Do you need to use SHA-3 over SHA-256 right now? Probably not. SHA-256 is still rock solid. But SHA-3 is another excellent, future-proof option. It’s available if you want the absolute latest and greatest or have a specific requirement for its different internal design.

Using it is identical to the others.

import hashlib

data = "my_super_secret_password".encode('utf-8')
sha3_hash = hashlib.sha3_256(data).hexdigest()

print(f"SHA3-256: {sha3_hash}")

Beyond the Hash: Salting Your Passwords

Here’s the most critical insight I can give you: Never, ever hash passwords alone.

If you just hash a password like 'password123' and store it, you’re vulnerable to rainbow table attacks. An attacker can precompute the hashes of millions of common passwords and just do a reverse lookup. If they see e150a1ec81e8e93e1eae2c3a77ef66f8d86c0f4f in your database, they can instantly know the password was password1.

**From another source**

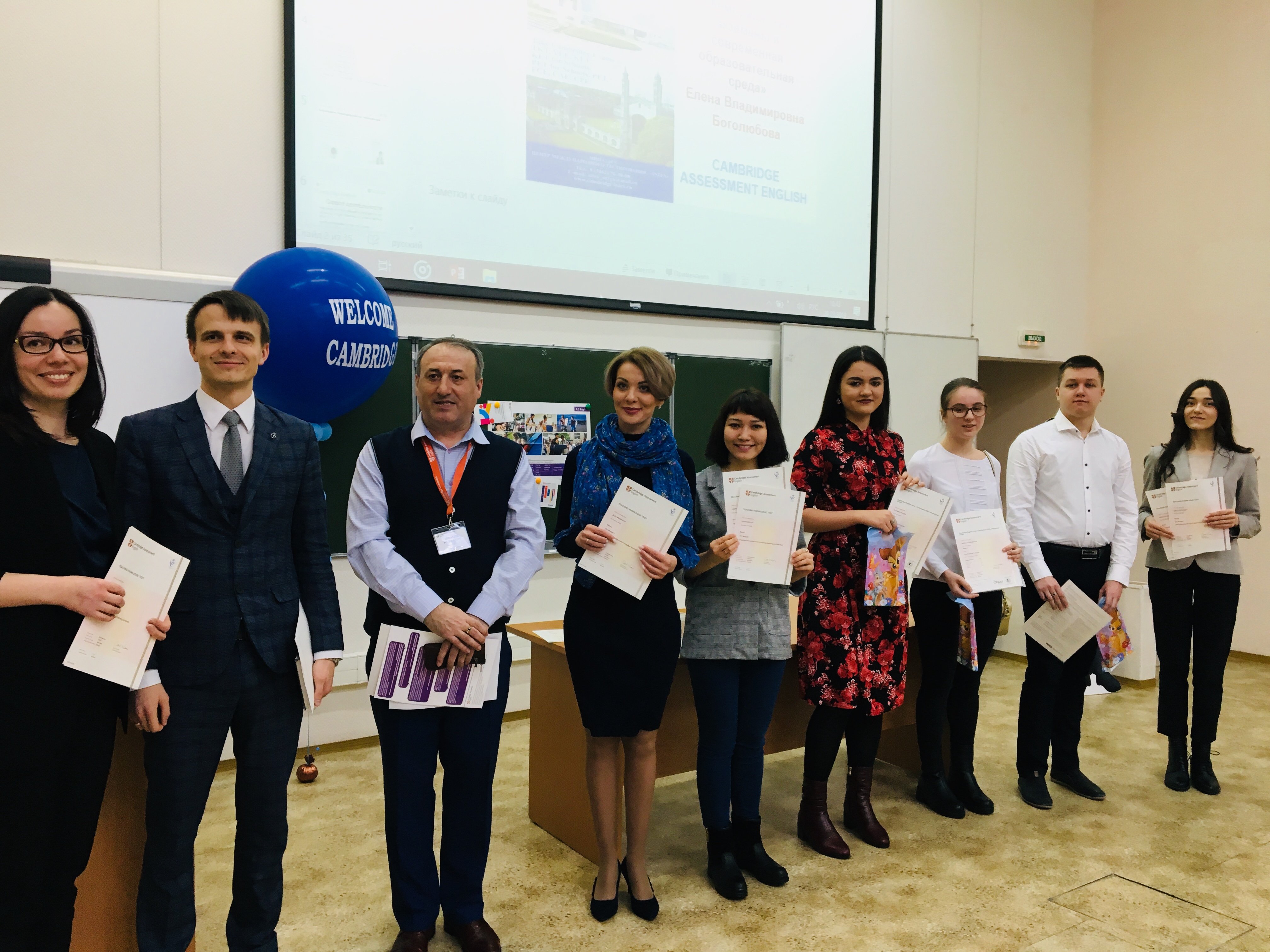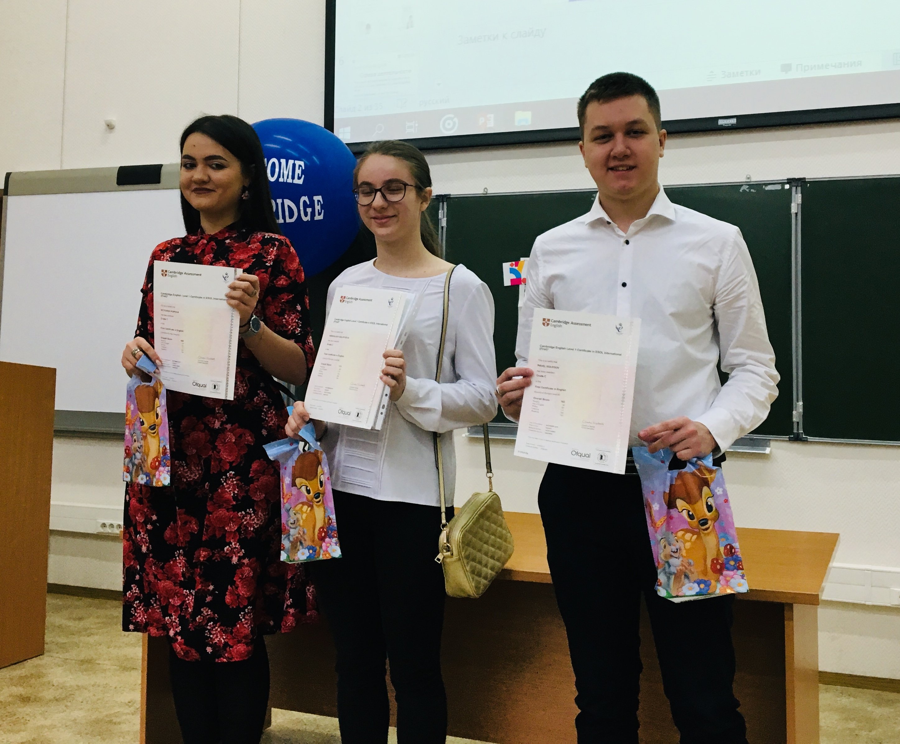В торжественной обстановке получили сертификаты учащиеся группы «Starters», сдавшие свой первый международный экзамен : Алексей и Анна Чмых, Алина Решетняк, Ирина Попенко, Мария Иванова, Анжелика и Алина Бдоян. Экзамен KET - Таисия Авдеева, Дарья Кирпиченкова, Сергей Тимонин, София Коробова; экзамен PET - Марат Курбанов ( победитель конкурса «Я учу английский-2017», обладатель 5-ти сертификатов Cambridge English) , Роман Мищенко - победитель конкурса «Я учу английский-2018», Анастасия Ковалева, Ева Полянцева, Ольга Козлова, Дарья Корунец (обладательница 4-х сертификатов Cambridge English); экзамен FCE - Павел Колегов, Ярослава Солнцева (3 сертификата Cambridge English), Инна Кобыльник, Виктория Попова, Юлдуз Гильмутдинова, Дарья Быкова, Гюнай Галандарова.

The solution is a salt. A salt is a random value unique to each user that you mix with the password before hashing. You store the salt right next to the hash in your database. This completely obliterates rainbow tables because an attacker would have to generate a new table for every single unique salt.

import hashlib
import os

def hash_password(password):
    # Generate a cryptographically secure random salt (16 bytes)
    salt = os.urandom(16)
    # Combine the salt and password, then hash them
    salted_password = salt + password.encode('utf-8')
    hash_obj = hashlib.sha256(salted_password)
    # Return the salt and the hash, both stored in the database for this user
    return salt, hash_obj.hexdigest()

def verify_password(stored_salt, stored_hash, password_attempt):
    # Use the stored salt to hash the attempt
    salted_attempt = stored_salt + password_attempt.encode('utf-8')
    hash_obj = hashlib.sha256(salted_attempt)
    attempted_hash = hash_obj.hexdigest()
    # Compare the hashes in a constant-time way to avoid timing attacks
    return attempted_hash == stored_hash

# Example usage
salt, pw_hash = hash_password('my_password')
print(f"Salt: {salt.hex()}")
print(f"Hash: {pw_hash}")

# Later, when verifying...
is_correct = verify_password(salt, pw_hash, 'wrong_guess')
print(f"Password verified: {is_correct}") # False

is_correct = verify_password(salt, pw_hash, 'my_password')
print(f"Password verified: {is_correct}") # True

For real-world applications, you should use a dedicated password hashing function like bcrypt, scrypt, or Argon2. They are intentionally slow (called “work factors”) to thwart brute-force attacks. But understanding that they are built on these same principles—hashing plus a salt plus iteration—is what matters. hashlib is your foundation; now you know how to build on it properly.